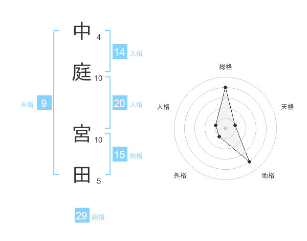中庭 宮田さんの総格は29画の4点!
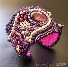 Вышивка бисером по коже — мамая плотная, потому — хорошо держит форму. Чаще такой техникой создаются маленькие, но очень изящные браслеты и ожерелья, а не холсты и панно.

---

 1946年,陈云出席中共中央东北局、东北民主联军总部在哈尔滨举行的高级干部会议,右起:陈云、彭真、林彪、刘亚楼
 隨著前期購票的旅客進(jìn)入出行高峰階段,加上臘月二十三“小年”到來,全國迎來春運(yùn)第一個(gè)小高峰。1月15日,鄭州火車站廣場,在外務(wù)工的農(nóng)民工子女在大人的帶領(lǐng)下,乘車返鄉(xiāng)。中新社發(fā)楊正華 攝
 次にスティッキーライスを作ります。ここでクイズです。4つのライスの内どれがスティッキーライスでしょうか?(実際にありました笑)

- [What this task involves]:
Where a picture appears in the records above, omit it, and transcribe exactly the stretch of lines from the one with "中庭 宮田さんの総格は29画の4点!" through the one with "Вышивка бисером по".

- [Exercise response]:
中庭 宮田さんの総格は29画の4点!
 Вышивка бисером по коже — мамая плотная, потому — хорошо держит форму. Чаще такой техникой создаются маленькие, но очень изящные браслеты и ожерелья, а не холсты и панно.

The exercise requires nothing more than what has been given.